At one point the club boasted eight national senior record holders at the same time, and more recently, DSD unearthed the two-time European Indoor 400 metre champion David Gillick.
But what was special about McCormack's win, I soon realised, what that it epitomised the very essence of Eddie's coaching philosophy: take a kid who likes to run; foster that enjoyment over the years, gradually press it, and if the devotion and commitment becomes evident then so does the potential to become a champion.

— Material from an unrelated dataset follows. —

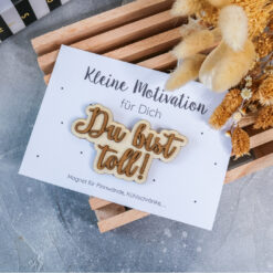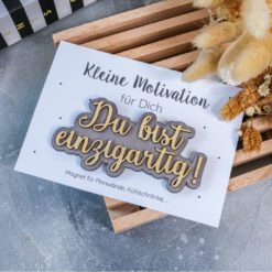 Der Magnet aus Holz ist ein wundervolles Geschenk und Mitbringsel zur Motivation und zum Mutmachen. Du kannst aus verschiedenen Sprüchen deinen Favoriten auswählen. Ein kleines Kompliment für zwischendurch, eine Motivation für schwierige Zeiten, eine tägliche Affirmation für dich.

McCormack was special not because he was the first champion Eddie coached nor likely the last but because since the age of 12 he had put his trust and faith in Eddie, and vice versa, and winning the National Intercounties, 12 years on, was the crowning moment, a sort of justification for everything Eddie believes in. He wasn't an exceptionally talented athlete; he wasn't born in the mountains and he didn't run to school; but Eddie carefully plotted his progress over those 12 years and here was the result - a product of Dundrum's environment, a champion of the country. Of course Eddie was going to get a big kick out of that.
There is no doubt that Eddie is at his best when nurturing junior talent. He could count on one hand the number of times he's missed the daily training sessions in Marley Park or Belfield over the past 30 years, and he always arrives fired up with enthusiasm, frequently running on the spot while delivering instructions for the session at hand. Rain or shine, he'll stick around until the end and even if the session was a stinker he'll find something positive to say about it.

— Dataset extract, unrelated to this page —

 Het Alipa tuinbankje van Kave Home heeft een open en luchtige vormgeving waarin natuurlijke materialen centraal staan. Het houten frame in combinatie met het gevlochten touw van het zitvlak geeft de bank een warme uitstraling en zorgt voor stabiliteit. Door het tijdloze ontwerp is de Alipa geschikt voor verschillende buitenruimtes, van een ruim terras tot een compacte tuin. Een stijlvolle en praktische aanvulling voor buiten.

When it comes to driving athletes to races around the country there is always room in his navy Volkswagen van and he'll never ask for a penny in petrol money. He'll always stop off for chips on the way home and even if Dundrum came away empty-handed he's in good form. No young athlete wants to let Eddie down. I know all this because for several years I was one of them.
Inevitably, their two daughters got into running, and inevitably, won national titles. Since retiring five years ago Eddie has been coaching full-time and at least now gets some recompense for going into schools but if he had decided to pay himself for his coaching hours from the beginning then he'd be a very wealthy man. Instead, Eddie has an incredibly wealthy array of friends and acquaintances, the countless club athletes of past and present who shared in his love of athletics. He was in the Dundrum Town Centre recently when a famous Hollywood producer came up to him to reminisce about "the good old days at DSD".
There are hopes the long-awaited clubhouse can finally materialise in the planned Marley Park Centre and with 390 members they do badly need it. The standard continues to rise, and along with McCormack, seven other club athletes made the Irish team for tomorrow's European cross country - including Eddie's latest underage prospects, Charlotte and Rebecca Ffrench O'Carroll.
Although recently turning 60 he has no intention of retiring any time soon, and if I look half as young at that age as he does then neither would I. The hope now is that he's around for another 30 years because it's not simply Athletics Ireland or the Sports Council or Government money that's keeping the sport alive in Ireland, but people like Eddie McDonagh.